═════ GIVEN DATA ═════

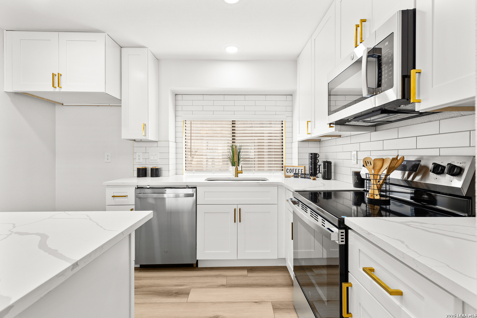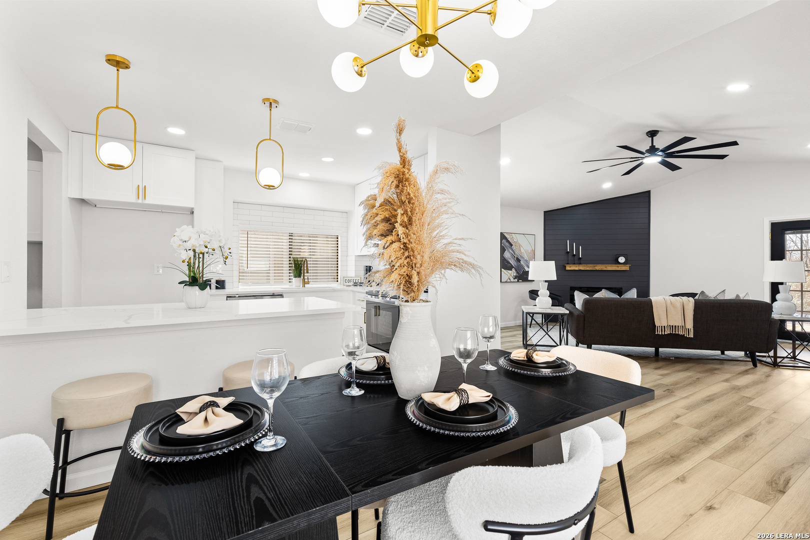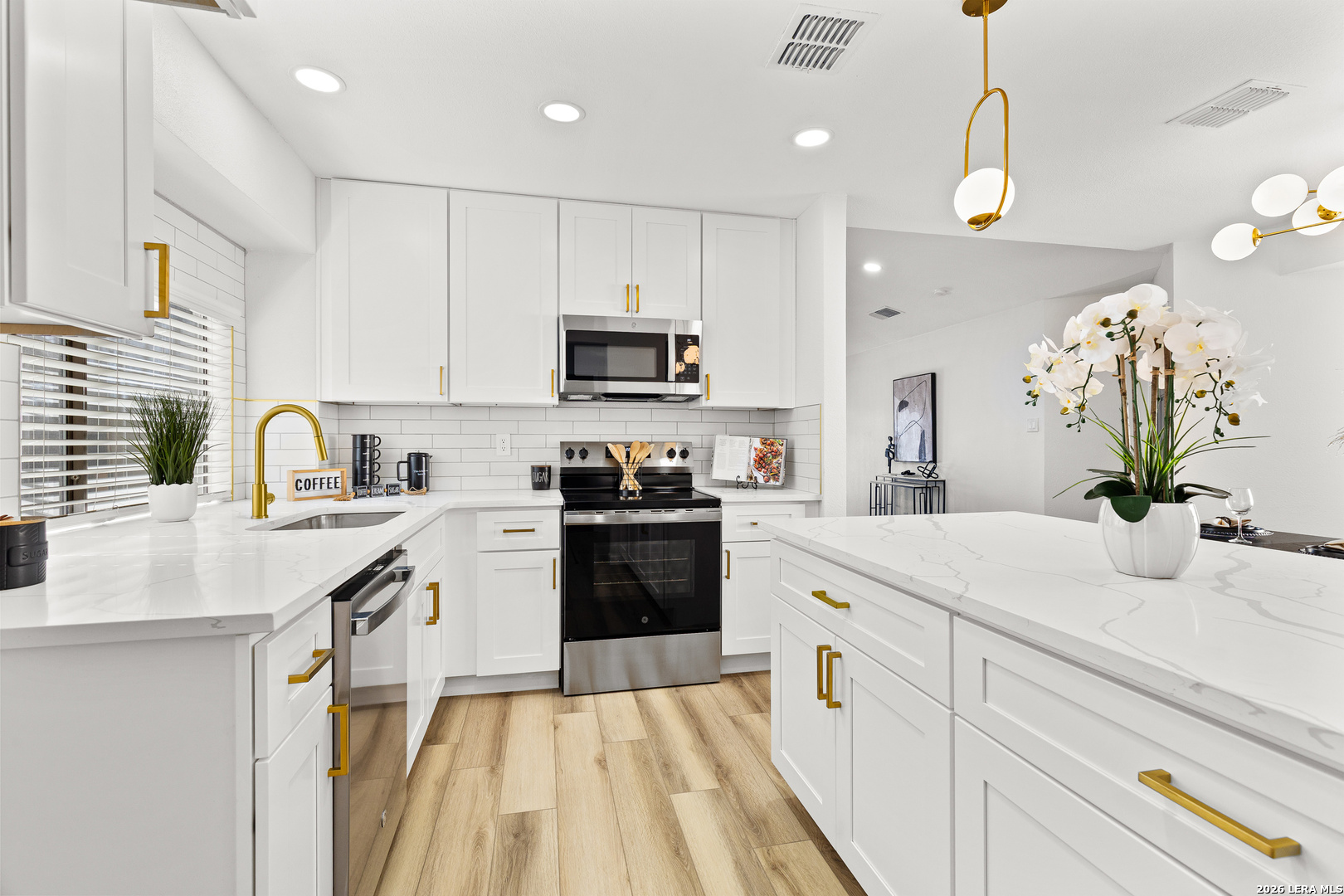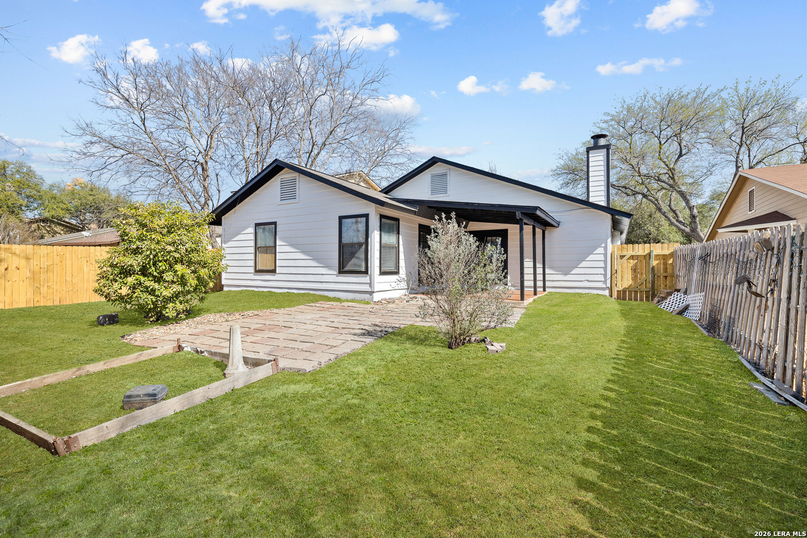 If you're looking for a home that's been tastefully updated and is truly move-in ready, this is it. From the moment you walk in, you'll notice the open layout and beautiful vinyl flooring that runs throughout the main living areas. The kitchen has been completely refreshed with white shaker cabinets, quartz countertops, subway tile backsplash, stainless steel appliances, and modern gold hardware. The peninsula offers extra prep space and bar seating perfect for casual meals or entertaining friends and family. The living room feels bright and inviting with vaulted ceilings, a sleek black accent wall, and a contemporary fireplace that adds character and warmth. It flows easily into the dining area, making it ideal for gatherings. The primary suite offers a relaxing retreat with stylish finishes and an updated ensuite bathroom featuring a freestanding soaking tub, walk-in shower, quartz countertops, and upgraded fixtures that give it a clean, modern feel. The secondary bedrooms are well-sized and versatile great for family, guests, or a home office. Out back, you'll find a spacious yard with plenty of room to relax, garden, or entertain. Location is a huge plus here with quick access to Loop 1604, IH-10, and Highway 151, you're just minutes from major shopping, dining, and entertainment at La Cantera, The Rim, and surrounding retail centers. A clean, modern update in a convenient San Antonio location ready for its next owner to enjoy.
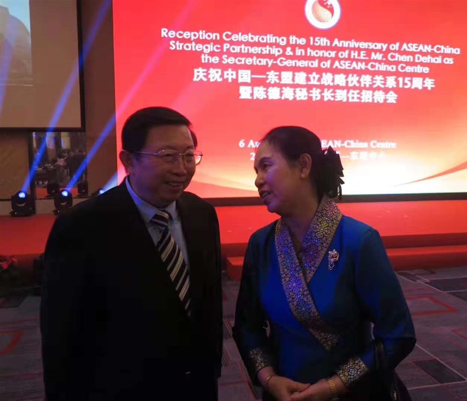 2018年8月,在中國—東盟建立戰(zhàn)略伙伴關系15周年招待會上,許寧寧與老撾駐華大使交談。
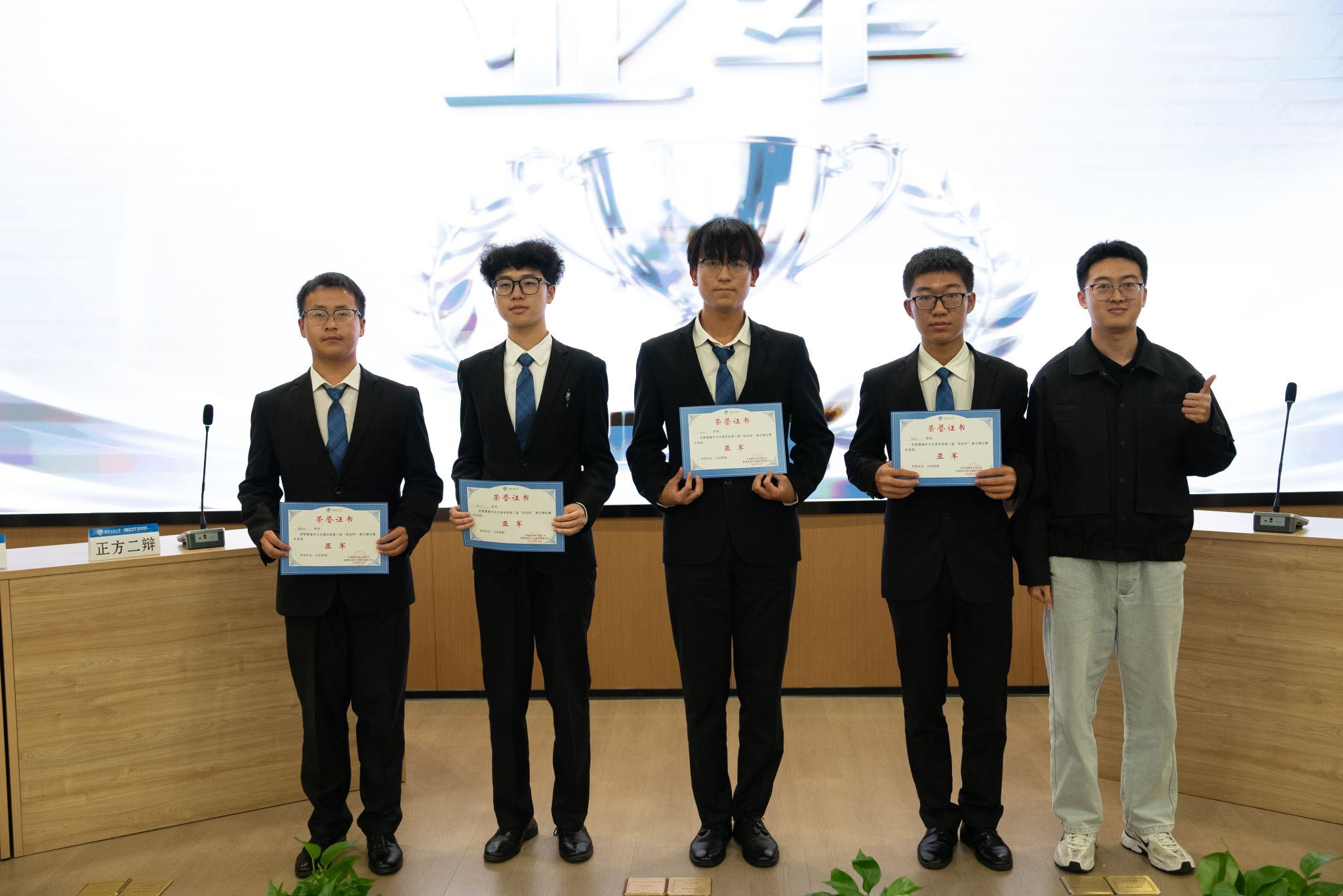 经评委团最终评定,比赛结果为:反方21票,荣膺冠军;正方18票,获亚军。学院团委副书记、学生会指导老师魏岚老师,2025级辅导员老师为获奖队伍及个人颁奖。
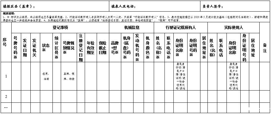 全市渝籍变型拖拉机信息已完成基础数据录入,各区县要根据本辖区变型拖拉机统计台账填报“外省籍变型拖拉机信息表”(见附件),填报数量要以2020年5月在册数为基础,新增和漏统漏登的,此次一并填报并进行备注说明,请于3月20日前将信息表电子件发送指定邮箱。信息表纸质件需经主管部门(机构)主要负责人签字并加盖单位公章,并寄至市变型拖拉机清零工作领导小组办公室(地址:重庆市江北区建新北路3号百业兴大厦20楼2023室),由系统开发方统一录入有关数据。
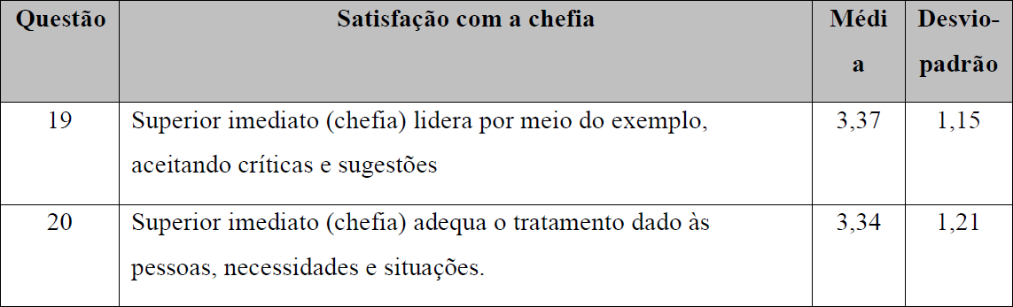 A Questão 18 obteve a média de 3,24 e o maior desvio-padrão da pesquisa de 1,41. Desse modo, ficou evidenciada contradição nas respostas, pois para 53% dos profissionais os serviços sociais de assistência médica, saúde e de ensino são satisfatórios. Por outro lado, 47% dos profissionais estão satisfeitos com estas condições. Observa-se que estes jovens tendem a se sentir em sua maioria, desassistidos por suas empresas nas questões de assistência social. A seguir, o Quadro 6 refere-se ao construto satisfação com a chefia.
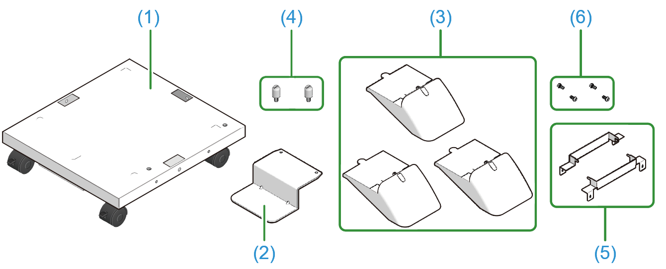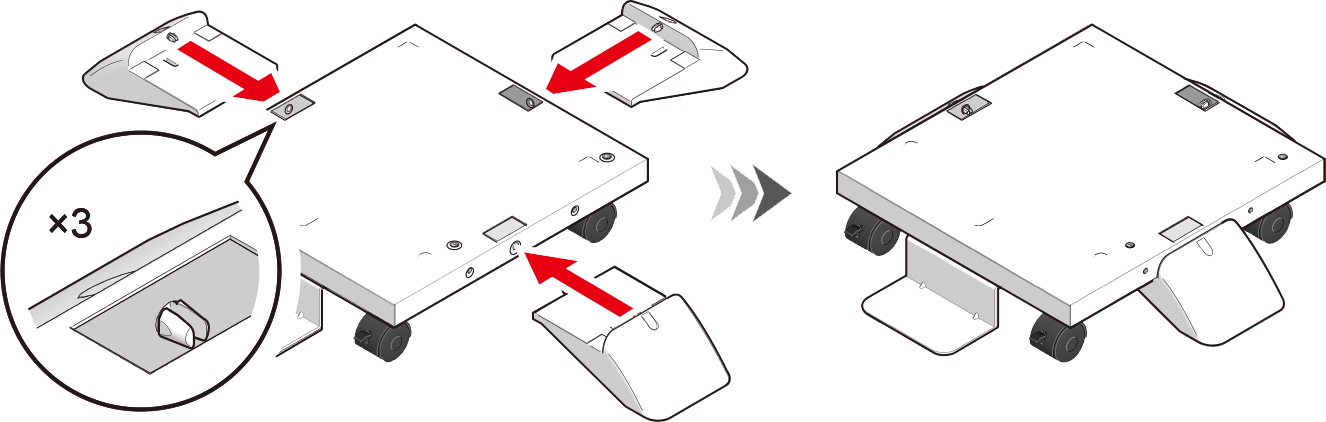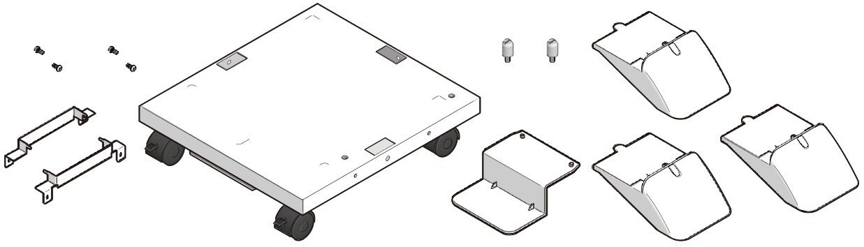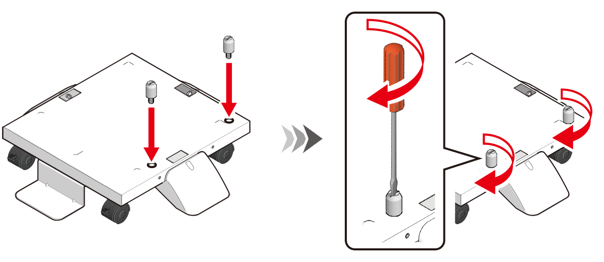 - Fastgør hovedenheden eller den ekstra bakke og det dedikerede hjulstativ ved brug af metalarmaturerne (x 2) og skruerne (x 4) med en Phillips-skruetrækker.
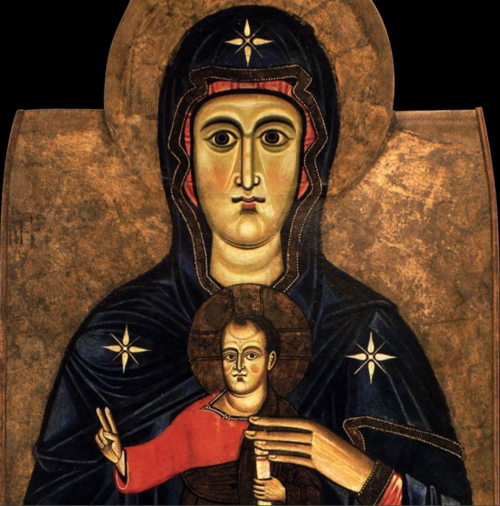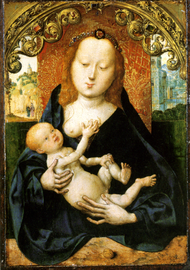 Στις πολυάριθμες αναπαραστάσεις της Παρθένου με τον Ιησού, μέσα από την ιστορία της Τέχνης, ο Ιησούς σπάνια απεικονίζεται σαν ένα όμορφο και αγγελικό βρέφος. Ειδικά στον Μεσαίωνα, το θείο βρέφος θυμίζει περισσότερο έναν μικρό ενήλικα, σοβαρό και άσχημο.
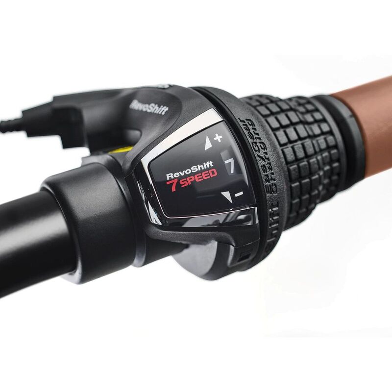 - The Shimano Revo shifter delivers smooth gear shifting, helping to climb hills easily. Brakes control deceleration for swift stopping, while 26-inch Bontrager tires roll smoothly turning the ride into an unforgettable experience
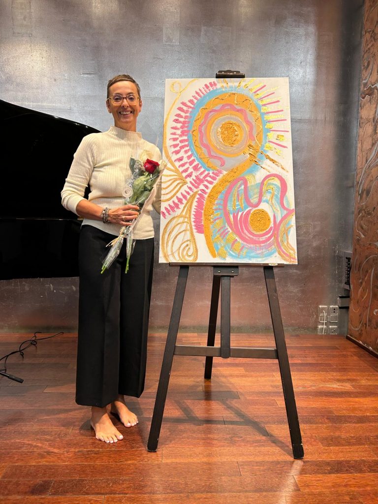 Desde las primeras notas, la música me envolvió por completo, sentí como vibraba dentro de mí, guiando cada movimiento, cada trazo y cada respiración. Mis manos comenzaron a danzar sobre el lienzo, como si una energía invisible las condujera, transformando el sonido en color, la emoción en forma y el silencio en presencia.
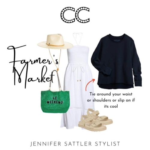 This is my summer fashion hot take, not to be confused with “hot flash” which also plays a role in summer clothes women over 40 will actually wear. Because you spend more time at home than anywhere else and all your travels end up where you started, you’ll get more use out of this homebody inspired capsule wardrobe than any other capsule wardrobe this summer. This multifunctional mix of summer clothes women over 40 love, like a white sundress and trending shorts set proves casual is a style. Like every capsule I create for you, you’ll get my high-low brand mix and list of shopping links for each of the items on my checklist. The checklist includes summer clothes from quality brands that justify why women over 40 should have nice things.
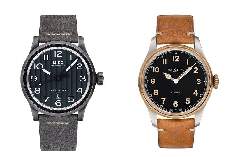 (左) Multifort Escape 先鋒系列 1947 復刻腕錶,直徑 44mm 仿古精鋼材質,自動機芯,Mido。
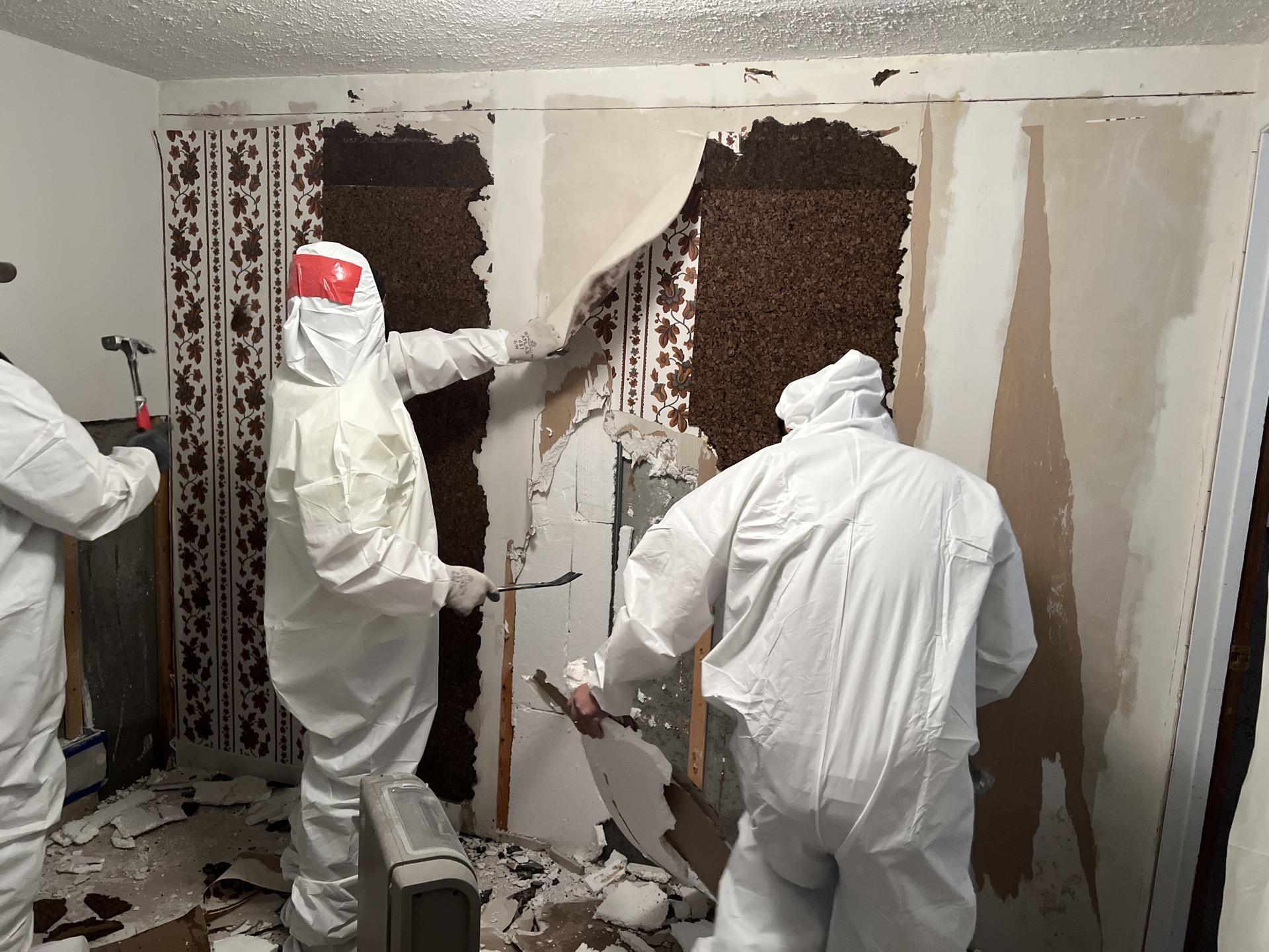 Restoration technicians in white full-body protective suits performing demolition, removing damaged wallpaper and compromised wall materials in a water-damaged room.

═════

● WHAT YOU SHOULD DO
From the first line to the last, transcribe the listing exactly; skip the pictures.

● SOLUTION TO THIS EXERCISE
 If you're looking for a home that's been tastefully updated and is truly move-in ready, this is it. From the moment you walk in, you'll notice the open layout and beautiful vinyl flooring that runs throughout the main living areas. The kitchen has been completely refreshed with white shaker cabinets, quartz countertops, subway tile backsplash, stainless steel appliances, and modern gold hardware. The peninsula offers extra prep space and bar seating perfect for casual meals or entertaining friends and family. The living room feels bright and inviting with vaulted ceilings, a sleek black accent wall, and a contemporary fireplace that adds character and warmth. It flows easily into the dining area, making it ideal for gatherings. The primary suite offers a relaxing retreat with stylish finishes and an updated ensuite bathroom featuring a freestanding soaking tub, walk-in shower, quartz countertops, and upgraded fixtures that give it a clean, modern feel. The secondary bedrooms are well-sized and versatile great for family, guests, or a home office. Out back, you'll find a spacious yard with plenty of room to relax, garden, or entertain. Location is a huge plus here with quick access to Loop 1604, IH-10, and Highway 151, you're just minutes from major shopping, dining, and entertainment at La Cantera, The Rim, and surrounding retail centers. A clean, modern update in a convenient San Antonio location ready for its next owner to enjoy.
 2018年8月,在中國—東盟建立戰(zhàn)略伙伴關系15周年招待會上,許寧寧與老撾駐華大使交談。
 经评委团最终评定,比赛结果为:反方21票,荣膺冠军;正方18票,获亚军。学院团委副书记、学生会指导老师魏岚老师,2025级辅导员老师为获奖队伍及个人颁奖。
 全市渝籍变型拖拉机信息已完成基础数据录入,各区县要根据本辖区变型拖拉机统计台账填报“外省籍变型拖拉机信息表”(见附件),填报数量要以2020年5月在册数为基础,新增和漏统漏登的,此次一并填报并进行备注说明,请于3月20日前将信息表电子件发送指定邮箱。信息表纸质件需经主管部门(机构)主要负责人签字并加盖单位公章,并寄至市变型拖拉机清零工作领导小组办公室(地址:重庆市江北区建新北路3号百业兴大厦20楼2023室),由系统开发方统一录入有关数据。
 A Questão 18 obteve a média de 3,24 e o maior desvio-padrão da pesquisa de 1,41. Desse modo, ficou evidenciada contradição nas respostas, pois para 53% dos profissionais os serviços sociais de assistência médica, saúde e de ensino são satisfatórios. Por outro lado, 47% dos profissionais estão satisfeitos com estas condições. Observa-se que estes jovens tendem a se sentir em sua maioria, desassistidos por suas empresas nas questões de assistência social. A seguir, o Quadro 6 refere-se ao construto satisfação com a chefia.
 - Fastgør hovedenheden eller den ekstra bakke og det dedikerede hjulstativ ved brug af metalarmaturerne (x 2) og skruerne (x 4) med en Phillips-skruetrækker.
 Στις πολυάριθμες αναπαραστάσεις της Παρθένου με τον Ιησού, μέσα από την ιστορία της Τέχνης, ο Ιησούς σπάνια απεικονίζεται σαν ένα όμορφο και αγγελικό βρέφος. Ειδικά στον Μεσαίωνα, το θείο βρέφος θυμίζει περισσότερο έναν μικρό ενήλικα, σοβαρό και άσχημο.
 - The Shimano Revo shifter delivers smooth gear shifting, helping to climb hills easily. Brakes control deceleration for swift stopping, while 26-inch Bontrager tires roll smoothly turning the ride into an unforgettable experience
 Desde las primeras notas, la música me envolvió por completo, sentí como vibraba dentro de mí, guiando cada movimiento, cada trazo y cada respiración. Mis manos comenzaron a danzar sobre el lienzo, como si una energía invisible las condujera, transformando el sonido en color, la emoción en forma y el silencio en presencia.
 This is my summer fashion hot take, not to be confused with “hot flash” which also plays a role in summer clothes women over 40 will actually wear. Because you spend more time at home than anywhere else and all your travels end up where you started, you’ll get more use out of this homebody inspired capsule wardrobe than any other capsule wardrobe this summer. This multifunctional mix of summer clothes women over 40 love, like a white sundress and trending shorts set proves casual is a style. Like every capsule I create for you, you’ll get my high-low brand mix and list of shopping links for each of the items on my checklist. The checklist includes summer clothes from quality brands that justify why women over 40 should have nice things.
 (左) Multifort Escape 先鋒系列 1947 復刻腕錶,直徑 44mm 仿古精鋼材質,自動機芯,Mido。
 Restoration technicians in white full-body protective suits performing demolition, removing damaged wallpaper and compromised wall materials in a water-damaged room.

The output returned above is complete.